NOI’s full form is Net Operating Income, which quickly helps out any individual understand the profit depending upon the real estate property potential. The income would easily calculate by anyone after subtracting the operating expenses by estimating the property’s revenue. Here, the expense would be HOA Fees, Maintenance, Repairs, Property taxes, etc.

The importance of NOI is that it quickly helps out an individual to analyze the different types of properties without any need to consider the terms used in financing. For calculating the Cap Rate, the NOI is as vital as anything else.

#15 1031 Exchange:

Any individual has to pay the capital gains taxes when selling an investment property. However, 1031 is a term used in the investment property market set by the U.S Internal revenue code. The meaning of this term is that every taxpayer would have to pay the federal income tax liabilities and capital gains at the later dates by considering the types of properties.

In other words, the income generated after the property sale, its pay taxes would have to be paid at a later time. Here, the importance of this term is that the same term brings out much flexibility to sell or buy assets for those who are investing in single-family rental properties. Therefore, the investors don’t need to worry about every sale regarding the taxing situations.

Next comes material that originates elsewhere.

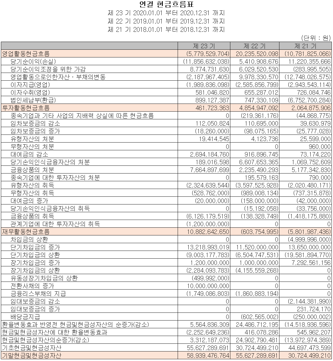 영업활동 현금흐름은 당기순손실, 매입 채무의 증가 등으로 58억 원의 현금이 유출되었고, 차입금과 사채를 통하여 자금을 조달하였으며, 신제품 개발에 따른 유형자산 및 무형자산의 투자 활동을 하였습니다. 2020년 당기 말 기준 당사의 현금 및 현금성 자산은 589억 원입니다.

Hence, it would help out every investor put up their real estate investment portfolio by considering the purchasing power.

#16 HOA Fees:

HOA full form is Homeowner Association; here, the word fees includes the term that initiates its meaning relevantly to the fees side. Here, the HOA Fees refers to the properties located in condominium, community, and subdivisions. In other words, the HOA is used to enforce and create rules for the same properties.

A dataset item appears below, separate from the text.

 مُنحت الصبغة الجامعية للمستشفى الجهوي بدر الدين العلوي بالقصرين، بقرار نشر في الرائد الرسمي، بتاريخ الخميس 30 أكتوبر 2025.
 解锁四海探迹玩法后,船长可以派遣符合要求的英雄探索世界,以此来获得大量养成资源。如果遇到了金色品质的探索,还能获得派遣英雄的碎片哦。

Here, the investors need to understand that they would become the member whenever under HOA’s Jurisdiction they purchase a property. Therefore, it would initiate that a person pays the HOA fees monthly to improve and maintain the properties.

#17 Cap Rate:

The full form of Cap Rate is the Capitalization rate. Here, the meaning of this term quickly measures the real estate investment annual rate of return by considering the property profit that tends to be generated as per the expectations.

In a more precise definition, a person would consider it as the ratio between the purchase price and Net operating income (NOI). On top of that, the calculations would be made by dividing the NOI in the first year with the property’s purchase price.

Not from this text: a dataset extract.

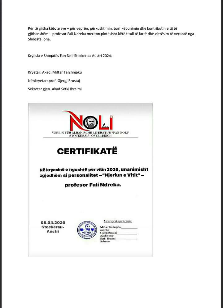 Zgjedhja e tij si “Njeriu i Vitit 2026” nga Shoqata jonë nuk është vetëm një vlerësim për veprën e tij të pasur, por edhe një shprehje mirënjohjeje për përkushtimin e tij të vazhdueshëm ndaj Shoqatës së Literaturës Shqiptare “Fan Noli”. Profesor Fali Ndreka ka qenë gjithmonë pranë nesh me këshilla të vyera, me sugjerime konkrete dhe me gatishmëri të plotë për bashkëpunim.
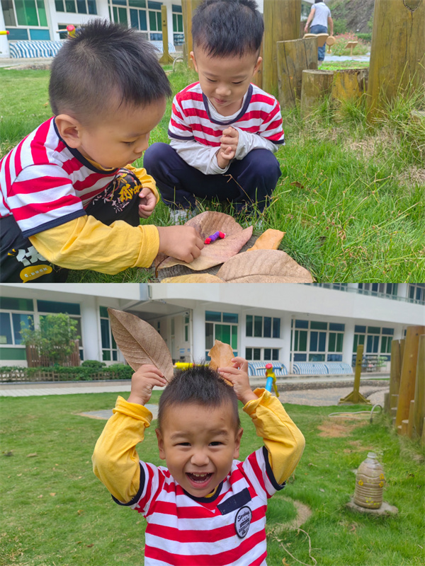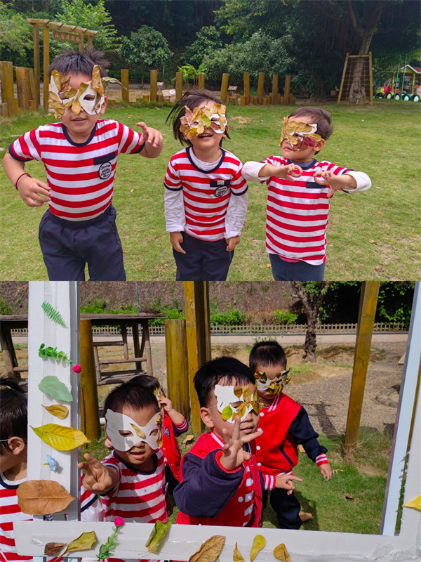 每个孩子都尽情挥洒创意,制作了属于自己的树叶面具和创意相框。这份亲手创造的成就感,让美的种子在孩子们心中生根发芽。

Note: Many others Terms are used in Real-estate Investing. However, the article has talked about the most important ones used commonly in the market and tried to explain everything in the right way possible. If a person wanted to know about real estate terms that refers to wholesaling, commercial properties, residential properties, or else, they would easily get it by considering the online platforms.

Conclusion:

For any real estate investor to sell or buy a house or apartment for the first time, there would be many real estate terms that come out. Therefore, it would be necessary for every single of them to understand the terms in advance so that it doesn’t cause any issues at the time of conversation. Meanwhile, it pretty much helps out every investor understand what is talking about by the other persons in the discussion.

For those reasons, the article has introduced around 17 Real estate investing terms for the Readers. Every single one of them have a bit of co-relation with each other. Therefore, reading and analyzing them in the mentioned pattern would make everything easily clear for the reader.

If anybody would read out the whole terms mentioned here, he/she would never have to worry about talking with any real estate customer or company in the future as an investor. Why? Because everything that would be discussed can be easily analyze or understand without any issues due to the knowledge of the popular terms.